The previous alert in this series traced the Federal Energy Regulatory Commission’s (FERC or the Commission) regulatory trajectory from the Talen Order through the pending Advance Notice of Proposed Rulemaking on large-load interconnection (the DOE Rulemaking Proposal), a progression from rejection to structured accommodation in just 18 months. This alert examines the political and policy developments that are converging with that regulatory framework and that may prove equally consequential for how behind-the-meter generation and co-located load arrangements serving data centers (collectively, BTM) are structured, financed, and approved.

The regulatory orders described in Alert 1 established the legal architecture. The developments described here establish the political environment in which that architecture will be applied. For developers, sponsors, and their counsel, the practical implications of these political developments may be as significant as the tariff provisions themselves, because they shape how state regulators, utility counterparties, community intervenors, and lenders will evaluate any proposed data center power arrangement going forward.
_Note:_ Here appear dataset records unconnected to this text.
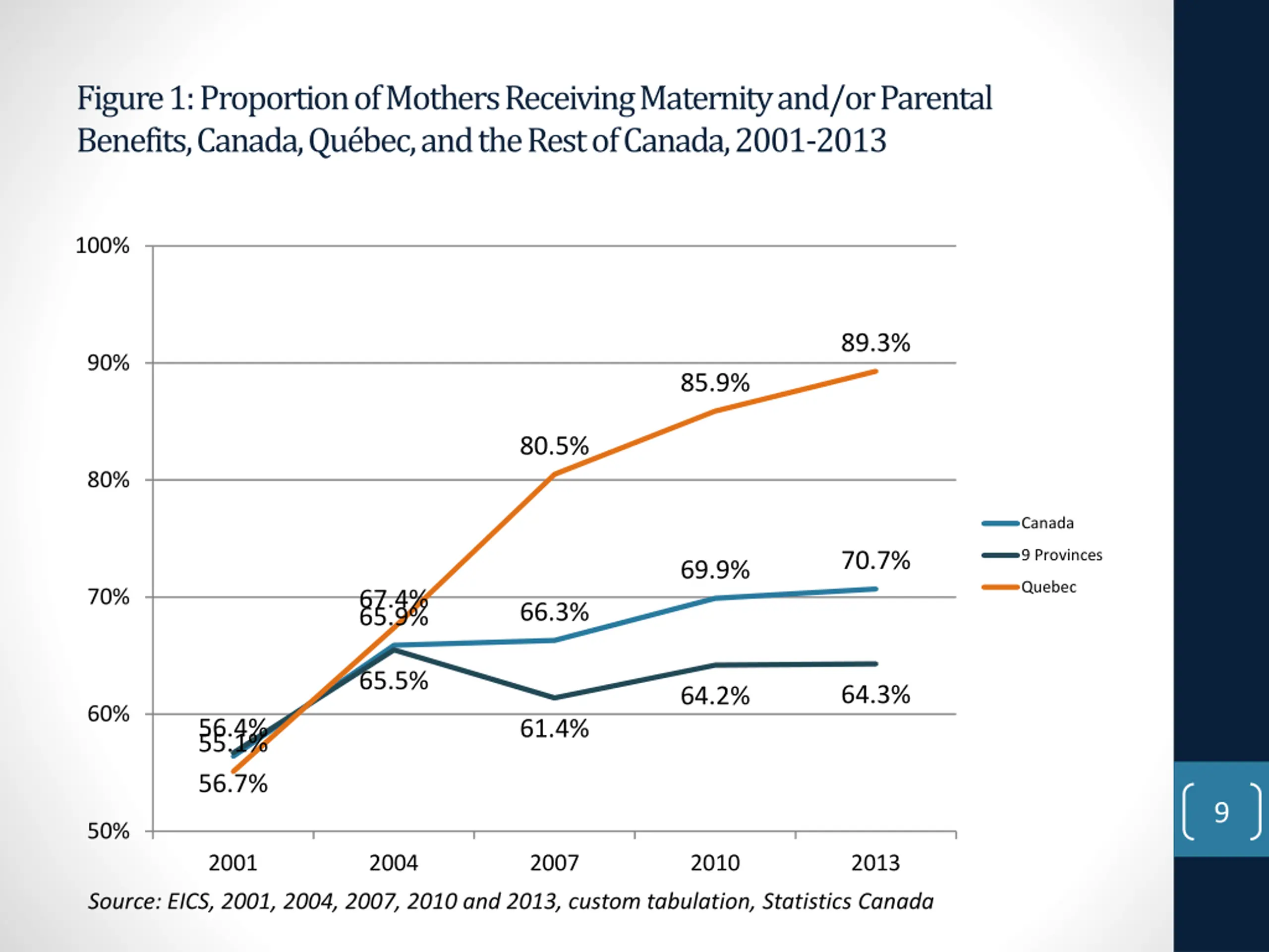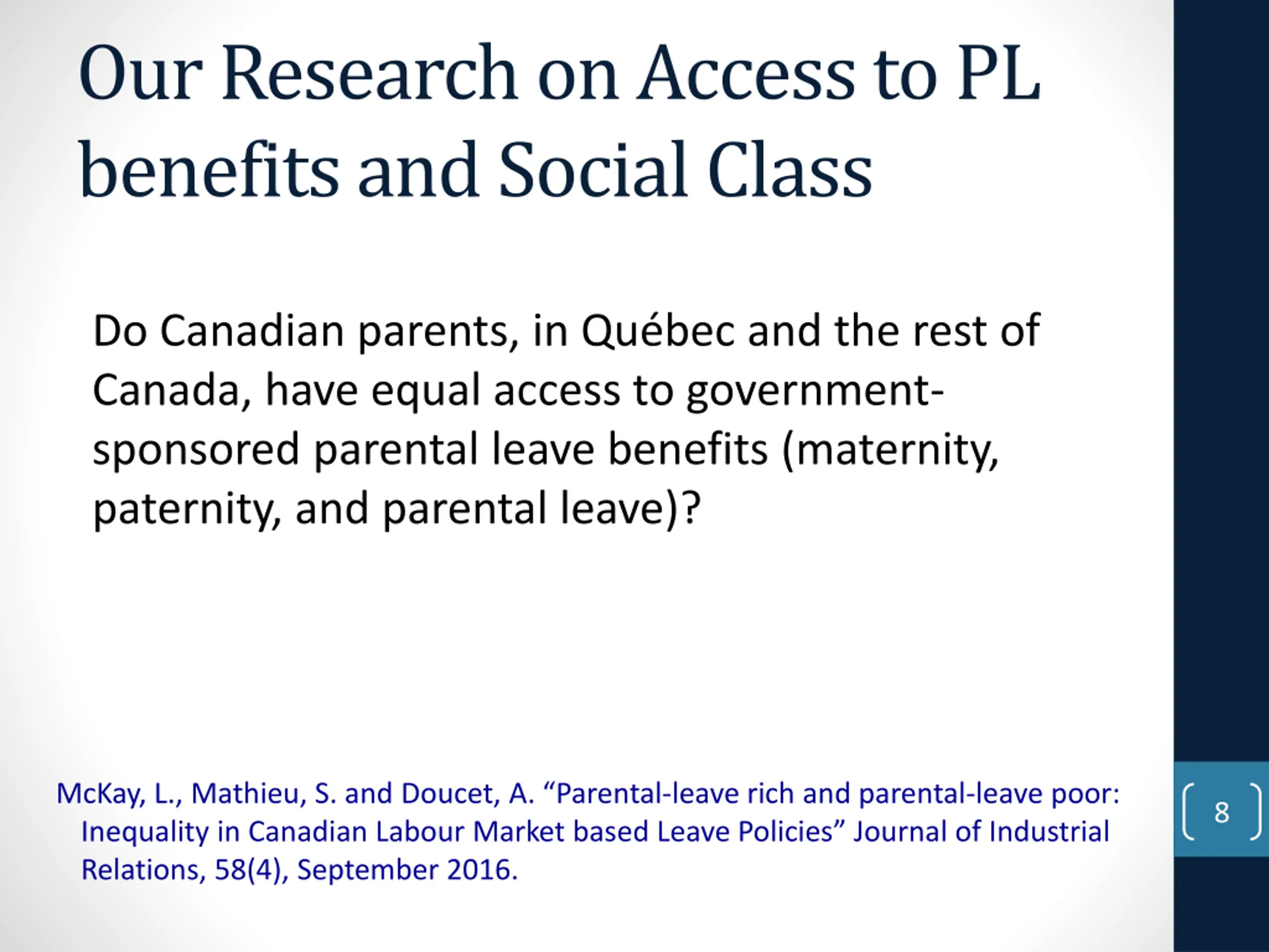 Our Research on Access to PL benefits and Social Class Do Canadian parents, in Qu bec and the rest of Canada, have equal access to government- sponsored parental leave benefits (maternity, paternity, and parental leave)? McKay, L., Mathieu, S. and Doucet, A. Parental-leave rich and parental-leave poor: Inequality in Canadian Labour Market based Leave Policies Journal of Industrial Relations, 58(4), September 2016. 8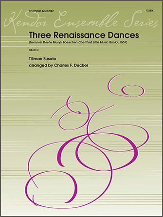 Taken from one of the earliest published collections of Renaissance instrumental dances, these settings for contemporary trumpet quartets produce a brilliant, exciting sound. Following a simple two-part (AB) form, each selection features homophonic construction, root position chords, strong emphasis on primary beats, and individual parts that encompass the range of an octave or less. They can be programmed as a three-movement suite or as separate fanfares.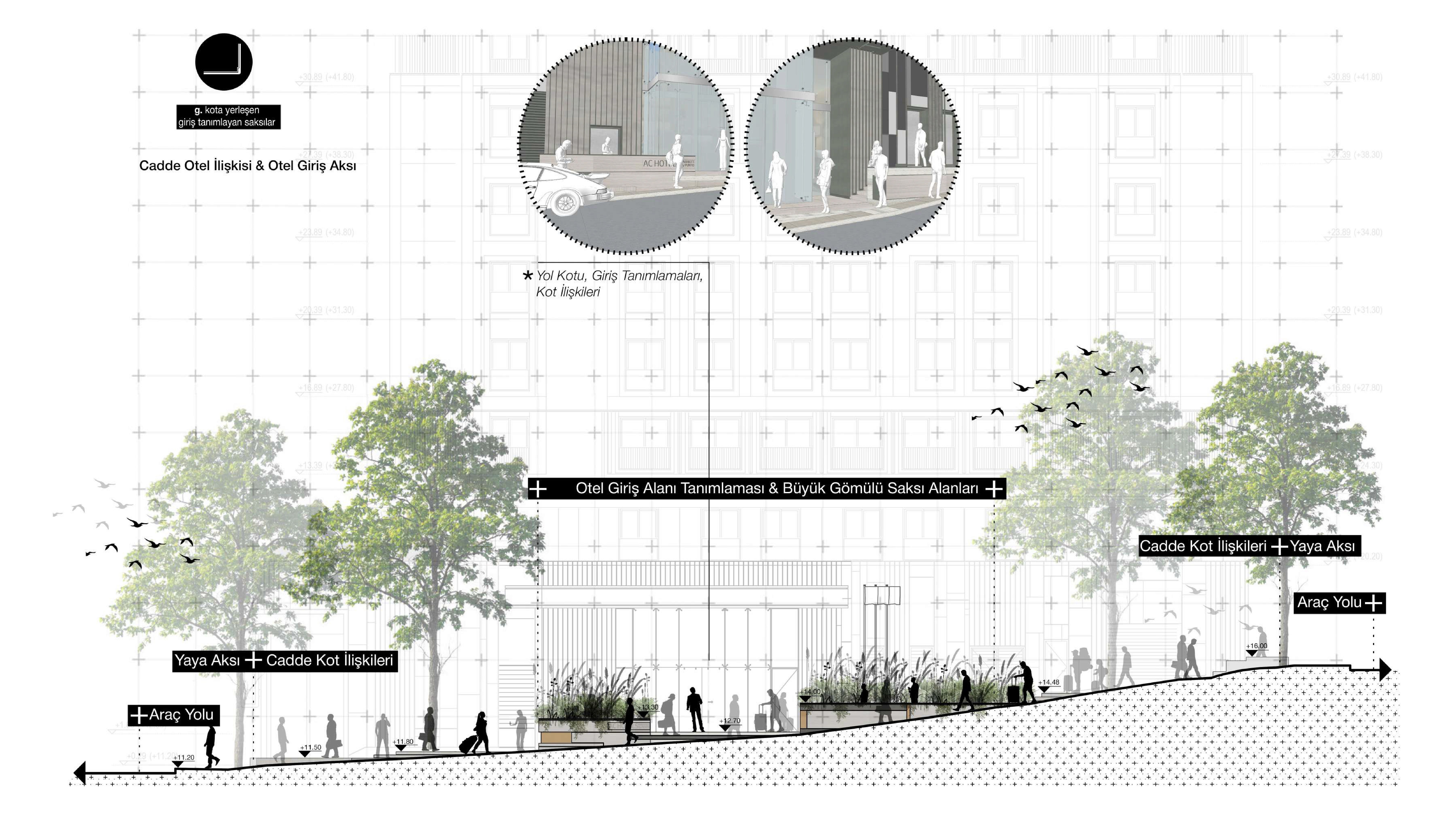The design approach for the AC Marriott by Punto Hotel, which will be located in Istanbul, focuses on its relationship with the street, the creation of an inner courtyard as a breathing space, the design of terrace connection transitions, and the impact of the hotel's identity on the landscape texture. A modular design concept has been adopted, aiming to serve various functions.

The Ratepayer Protection Pledge

On March 4, 2026, President Donald J. Trump issued a proclamation establishing the Ratepayer Protection Pledge (the Pledge). The Pledge marks a notable shift in federal posture toward data center energy consumption, from an earlier emphasis on accelerating AI infrastructure buildout to a policy that is explicitly conscious of consumer energy costs. Seven leading hyperscalers and AI companies accepted the terms of the Pledge.

The Pledge contains five core commitments. First, signatories agreed to fund all new electricity generation required by their facilities, whether by constructing their own power plants, entering into long-term commitments to purchase power from new generation facilities, or acquiring output from newly developed generation assets, rather than drawing incremental power from the existing grid. Second, signatories committed to bearing the full cost of transmission and distribution upgrades necessary to interconnect and serve their facilities. Third, signatories agreed to negotiate dedicated rate schedules with their serving utilities and state regulators, accepting minimum payment obligations regardless of actual consumption, effectively functioning as take-or-pay arrangements for electricity service. Fourth, signatories pledged to make local investments in the communities where they operate, including through local hiring commitments and workforce development initiatives. Fifth, signatories committed to coordinating with regional grid operators on reliability planning and, where feasible, making on-site backup generation available to the grid during emergency conditions.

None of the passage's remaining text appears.